RECORDS FOR PROCESSING:
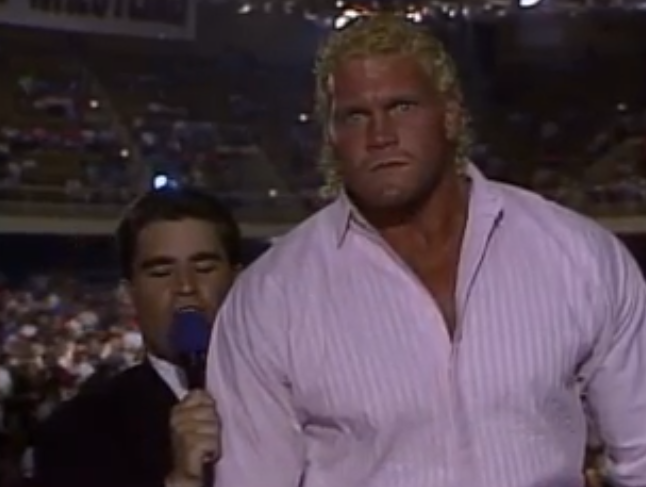 An irate Sid lays down a challenge to Sting for the world title. That’ll make a nice change from Sting wrestling various goobers under a hood for the next three months.
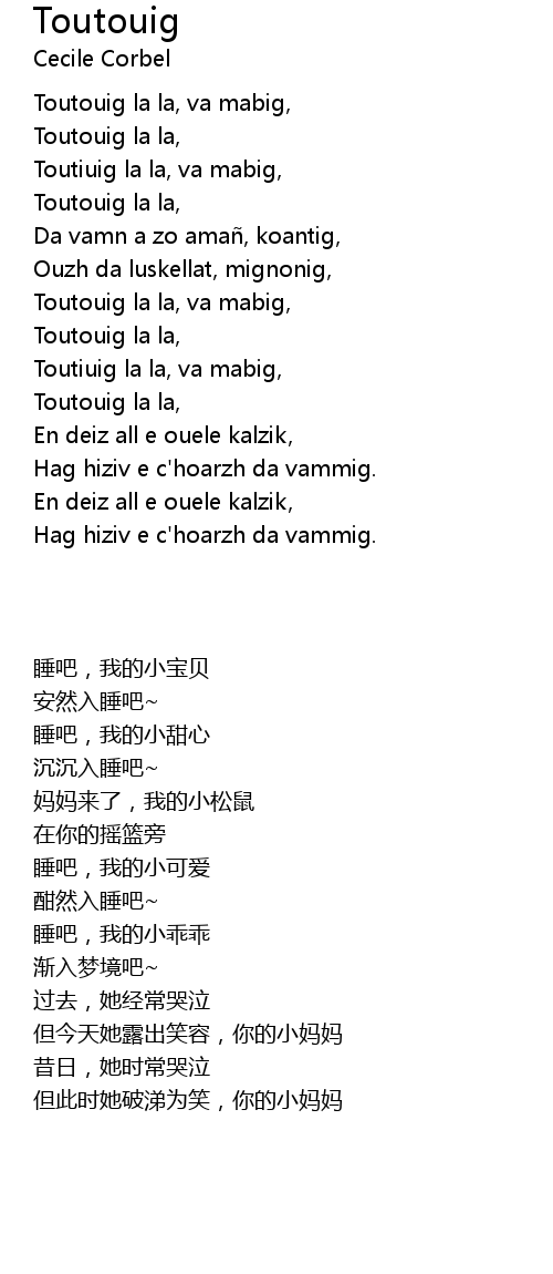 | [00:12.00] | Toutiuig la la, va mabig, |
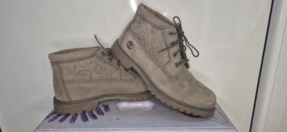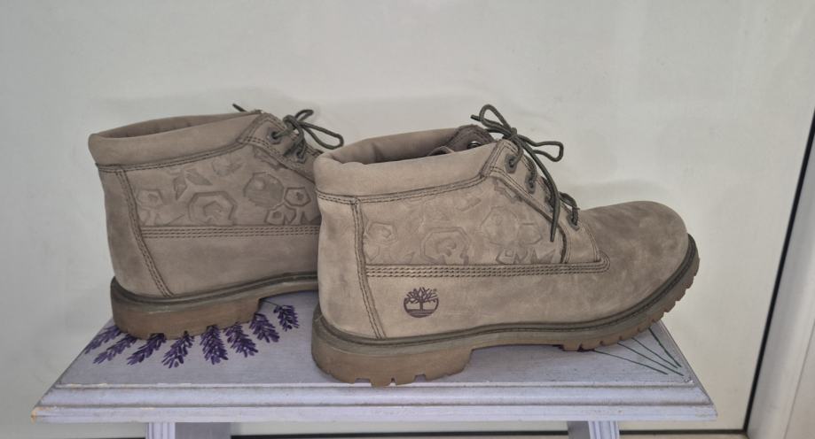 Ženske zimske kožne visoke cipele s ugraviranim ornamentima, khaki boje. Nošene samo jednom, model ne odgovara mom obliku stopala. Plaćene cca 120 eura.
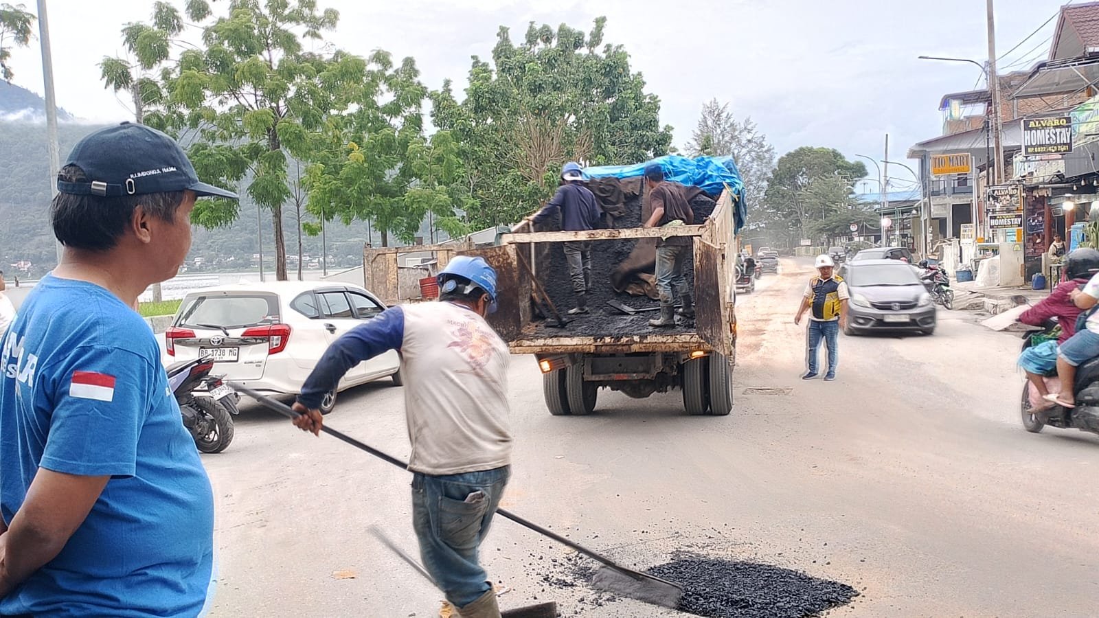deliksumut.com | Samosir,- Dalam upaya perbaikan infrastruktur Guna meningkatkan kenyamanan dan keselamatan pengguna jalan, Dinas Pekerjaan Umum dan Perumahan Rakyat (PUPR) Kabupaten Samosir, melakukan pemeliharaan jalan dengan penambalan aspal diruas jalan di kecamatan pangururan kabupaten Samosir.
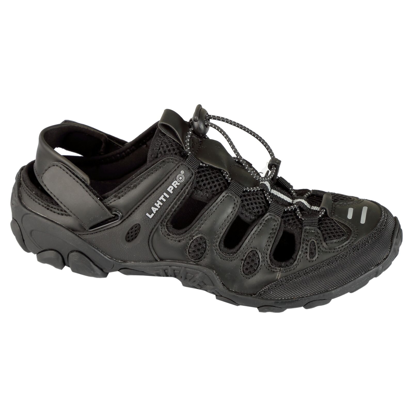 Cholewka wykonana jest z PU i dzianiny siatkowej, co gwarantuje trwałość, elastyczność i przewiewność. Elastyczne sznurowadła regulowane zaciskiem umożliwiają idealne dopasowanie sandałów do stopy, zwiększając stabilność i wygodę podczas pracy

DESCRIPTION OF THE TASK: Reproduce the data above exactly, but only from the line containing "va mabig, |" through the line containing "Ženske zimske kožne". Omit all pictures.

ANSWER TO THIS EXERCISE:
 | [00:12.00] | Toutiuig la la, va mabig, |
 Ženske zimske kožne visoke cipele s ugraviranim ornamentima, khaki boje. Nošene samo jednom, model ne odgovara mom obliku stopala. Plaćene cca 120 eura.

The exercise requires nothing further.